Supplied information =
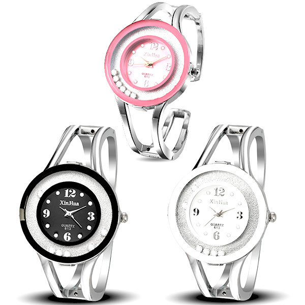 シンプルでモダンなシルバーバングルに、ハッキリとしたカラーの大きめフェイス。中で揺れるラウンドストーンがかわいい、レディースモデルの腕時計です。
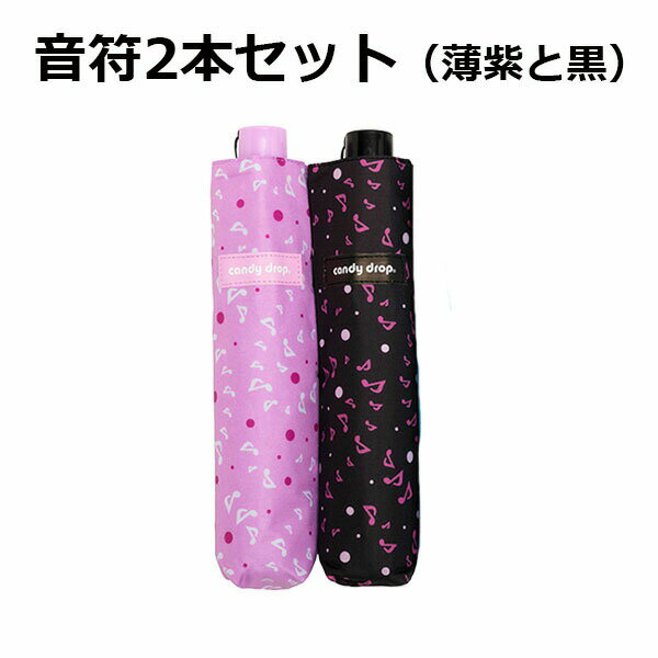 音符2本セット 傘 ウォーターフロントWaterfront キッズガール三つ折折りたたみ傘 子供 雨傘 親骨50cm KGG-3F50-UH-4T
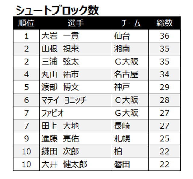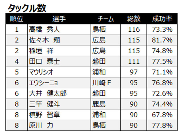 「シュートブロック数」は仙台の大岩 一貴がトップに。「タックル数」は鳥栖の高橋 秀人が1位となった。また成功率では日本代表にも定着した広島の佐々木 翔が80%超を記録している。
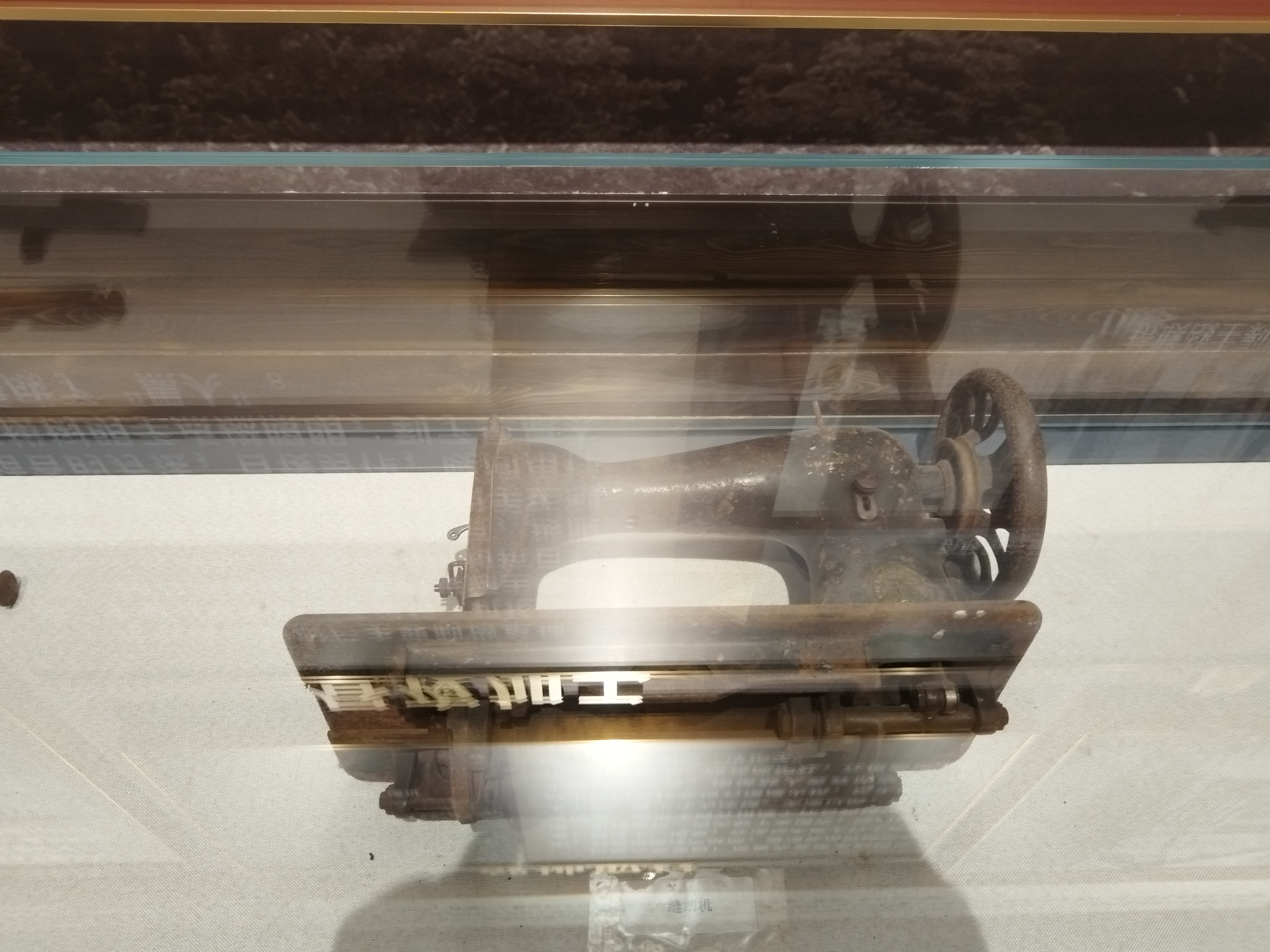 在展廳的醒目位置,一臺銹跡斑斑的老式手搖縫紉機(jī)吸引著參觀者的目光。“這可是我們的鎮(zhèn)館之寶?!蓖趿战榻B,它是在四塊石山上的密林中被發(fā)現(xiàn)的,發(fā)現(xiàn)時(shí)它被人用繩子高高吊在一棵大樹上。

Problem to solve = Copy the whole listing exactly, excluding the pictures in it.

Solution to the exercise =
 シンプルでモダンなシルバーバングルに、ハッキリとしたカラーの大きめフェイス。中で揺れるラウンドストーンがかわいい、レディースモデルの腕時計です。
 音符2本セット 傘 ウォーターフロントWaterfront キッズガール三つ折折りたたみ傘 子供 雨傘 親骨50cm KGG-3F50-UH-4T
 「シュートブロック数」は仙台の大岩 一貴がトップに。「タックル数」は鳥栖の高橋 秀人が1位となった。また成功率では日本代表にも定着した広島の佐々木 翔が80%超を記録している。
 在展廳的醒目位置,一臺銹跡斑斑的老式手搖縫紉機(jī)吸引著參觀者的目光。“這可是我們的鎮(zhèn)館之寶?!蓖趿战榻B,它是在四塊石山上的密林中被發(fā)現(xiàn)的,發(fā)現(xiàn)時(shí)它被人用繩子高高吊在一棵大樹上。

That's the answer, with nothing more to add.